Il existe un grand nombre de gène nod, codant pour un grand nombre de facteur Nod. On peut distinguer deux grands groupes de gènes nod. Le premier contenant les gènes nod dit commun (structure et fonction commune), à savoir nodA, nodB, et nodC, présents en copie unique, responsable de la biosynthèse d’un facteur Nod « minimal », communs à toutes les souches de rhizobiums, alors que le gène nodD code pour une protéine à domaine LysR intervenant dans la transcription et la régulation des autres gènes de nodulation en réponse aux flavonoïdes excrétés par la plante. Dans le second groupe, on trouvera des gènes nod, nol ou noe impliqués dans la spécificité d’hôte, intervenant principalement au niveau de la synthèse (type de substitution ajouté) ou de la sécrétion des facteurs de nodulation (Moulin 2002)

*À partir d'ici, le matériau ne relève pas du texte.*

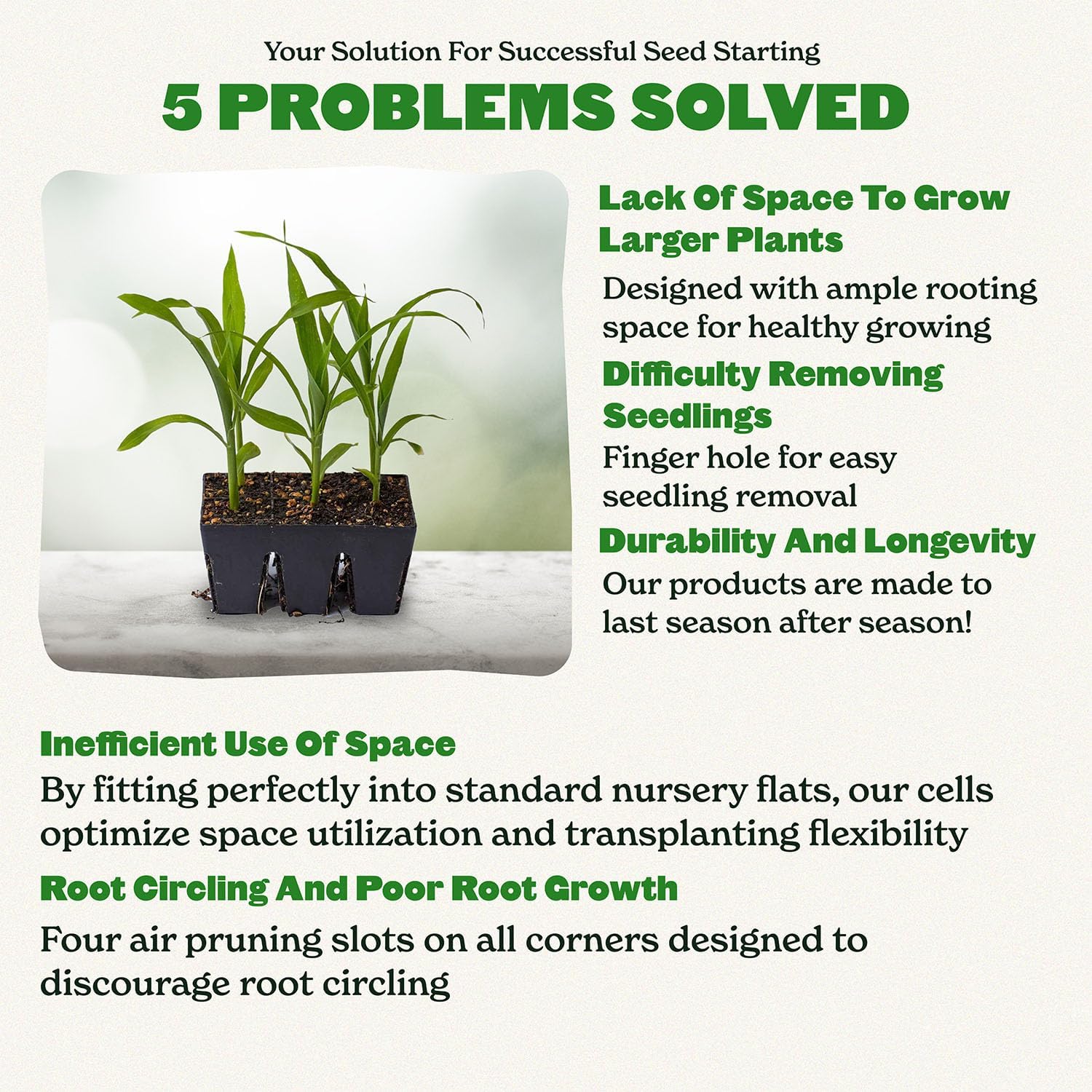 - Unbreakable & Eco-Friendly β 100% Recycled Plastic: Made from 100% recycled, UV-resistant plastic, our 6-cell trays (6-pack) are built for lifetime use. Each cell measures L 1 9/16" x W 1 9/16" x H 2 1/4", ensuring strong, reusable, and sustainable seed-starting.

La réponse de la plante aux facteurs Nod

Les facteurs Nod constituent un deuxième niveau de reconnaissance de la symbiose. En effet, les Légumineuses se distinguent des autres plantes par leur réactivité en présence de faible concentration de facteurs Nod sécrétés par leurs symbiotes bactériens. Ces facteurs Nod vont induire spécifiquement l’initiation du méristème nodulaire, la courbure du poil abordant, la formation du cordon d’infection et la néosynthèse de flavonoïdes. Le primordium nodulaire en formation au niveau du cortex, sera atteint par un cordon d’infection permettant aux bactéries d’être acheminées dans les cellules végétales par un processus d’endocytose. Le primordium nodulaire se développe en nodule, pendant que les bactéries vont se différencier en bactéroïdes, isolées du cytoplasme végétal par une membrane péribactéroïde (Perret et al. 2000) (Figure 5).

Même si la combinaison flavonoïdes/ protéines NodD/facteurs Nod permet d’expliquer la spécificité d’hôte, la mise en place de la symbiose dans son intégralité, nécessite l’intervention d’autres constituants aussi bien chez la plante, que chez la bactérie. Il est par exemple nécessaire pour la bactérie de neutraliser le système de défense de l’hôte. De même, l’initiation et l’élongation du cordon d’infection réclament des constituants spécifiques de la membrane cellulaire bactérienne (Broughton & Perret 1999).

Figure 5. : Invasion des poils racinaires et infection par un rhizobium. (Perret et al. 2000)

A : Les rhizobiums (rh) colonisent la rhizosphère et s’attachent aux poils racinaires (r). B : Les facteurs Nod induisent la courbure du poil racinaire et permettent ainsi la pénétration des bactéries au niveau du centre d’infection (ci). Le noyau de la cellule végétale (n) précède l’avancée du cordon d’infection (it). C : Toujours accompagné du noyau (n), un cordon d’infection (it) atteint la base de la cellule du poil racinaire. D : Le cordon d’infection se ramifie (rit) à proximité du primordium nodulaire formé par les cellules corticales en division. E : Les bactéroïdes (b) sont relargués depuis le cordon d’infection et forment des symbiosomes (s) dans les cellules du nodule. Des granules de poly-ß-hydroxybutarate (phb) s’accumulent dans les bactéroïdes entourés de la membrane péribactéroïdienne (pb). Autres abréviations c : cortex ; d : vacuole digestive ; ep : épiderme ; ed : endoderme.